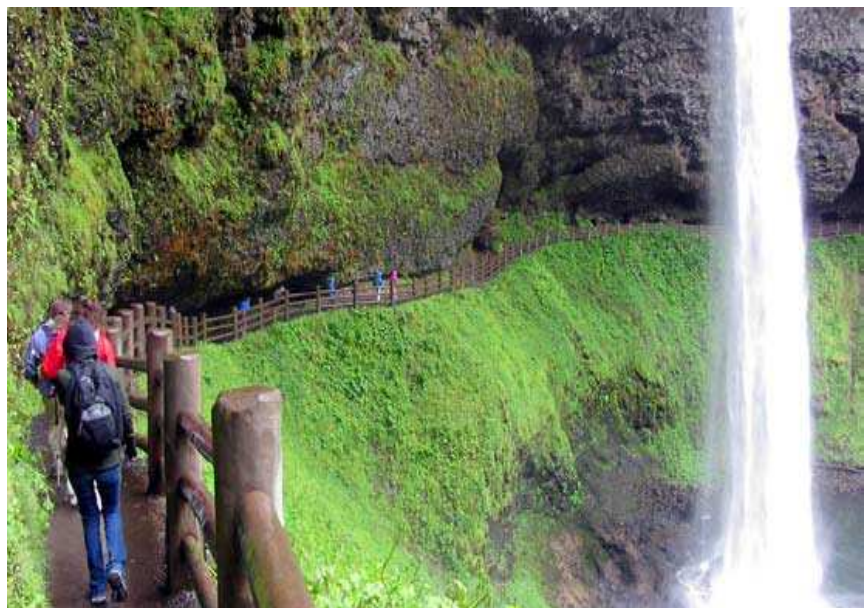
Just one of the many falls

June 1, 2014 (Sunday). Twenty one folks hiked to 9 of the 10 waterfalls at Silver Falls State Park. It was perfect hiking weather, warm but not too hot. Great views of the waterfalls. We took lots of pictures. Chris (the leader) treated us to some snacks both before we started on the hike as well as at the end.
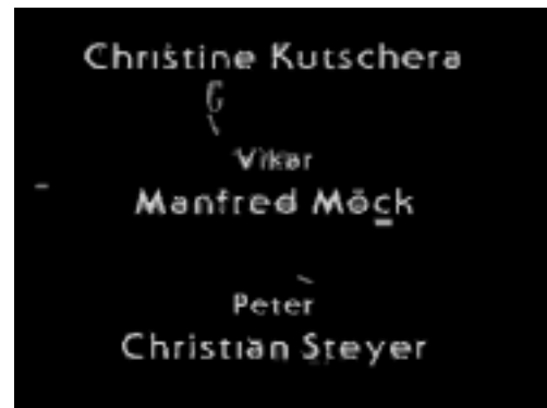
Figure 7: Final segmentation image.
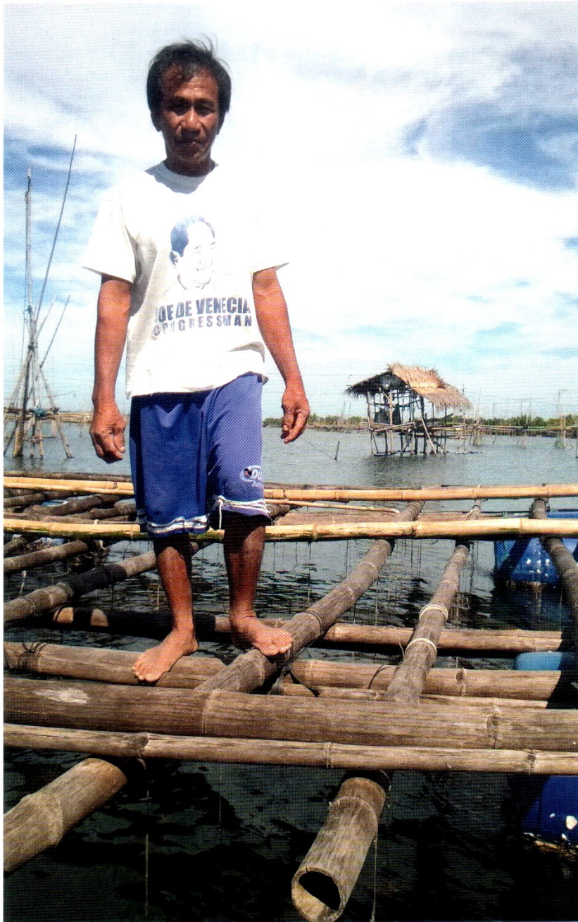
Dagupan City, Philippines oyster farmer January, 2017.

try's willingness to begin educating key elected decision makers about its value and potential for building economic stability in their estuary.
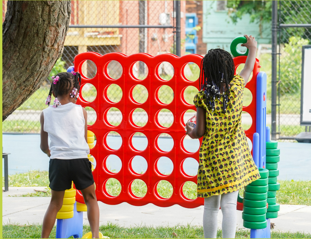
Pistons Neighbors Program, Delores Bennett Park.

Chandler Eliza Howell Clark O'Hair Cool Cities Palmer Curtis Jones Rouge Delores Bennet Skinner
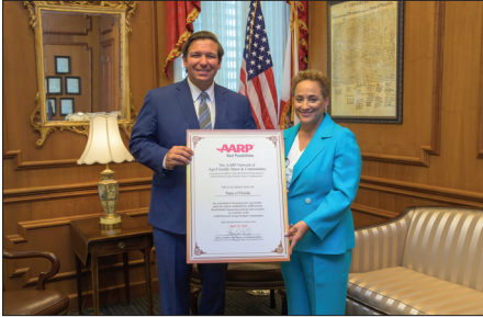
State of Florida
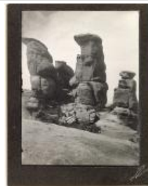
Group in front of large rocks (2021.24.29)
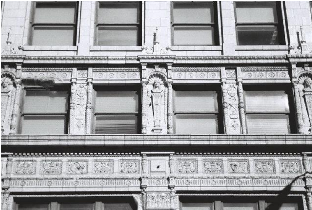
Detail view of the upper story fenestration and terra cotta details (south elevation.)

Address _____ 320 (320-336) W. 3rd Street _____ City _____ Davenport _____
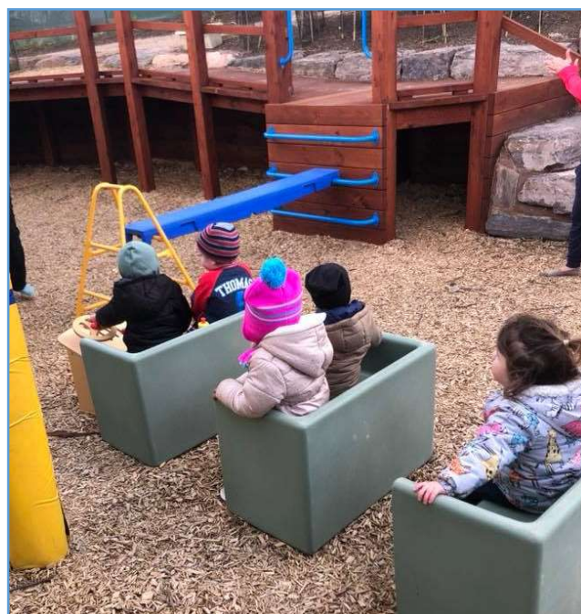
Our Playgroup kids rugged up for their "bus ride".

Our Playgroups are very popular, and most sessions are now full with waiting lists. Limited places may still be available this year so please do register your interest.
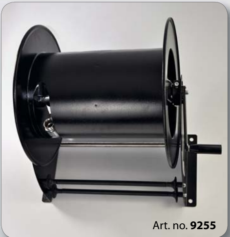
Art. no. 9255

Manual, hand crank hose reel, LS series , in black painted steel, suitable for hoses of max 20 m length in 1" or max 25 m length in 3/4".
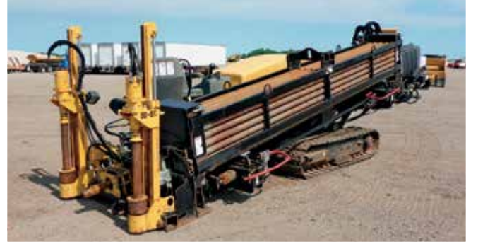
2011 Vermeer D36X50
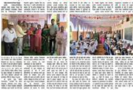
सोहबल के दुपहरा, सांख्य, जलजलक लहरा, काज अर्धर इत्यादि के बारे में जानकारी दें वही
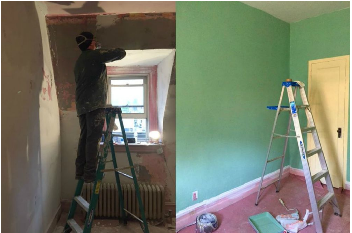
Left: Many of the small bedrooms at the former convent were in significant disrepair; right: A bedroom pictured after restoration

..........

* EXERCISE DESCRIPTION *
Reproduce nothing but the lines that run from the line containing "Our Playgroup kids" through the last line of the records, inclusive. Omit the pictures.

* COMPLETED TASK *
Our Playgroup kids rugged up for their "bus ride".

Our Playgroups are very popular, and most sessions are now full with waiting lists. Limited places may still be available this year so please do register your interest.
Art. no. 9255

Manual, hand crank hose reel, LS series , in black painted steel, suitable for hoses of max 20 m length in 1" or max 25 m length in 3/4".
2011 Vermeer D36X50
सोहबल के दुपहरा, सांख्य, जलजलक लहरा, काज अर्धर इत्यादि के बारे में जानकारी दें वही
Left: Many of the small bedrooms at the former convent were in significant disrepair; right: A bedroom pictured after restoration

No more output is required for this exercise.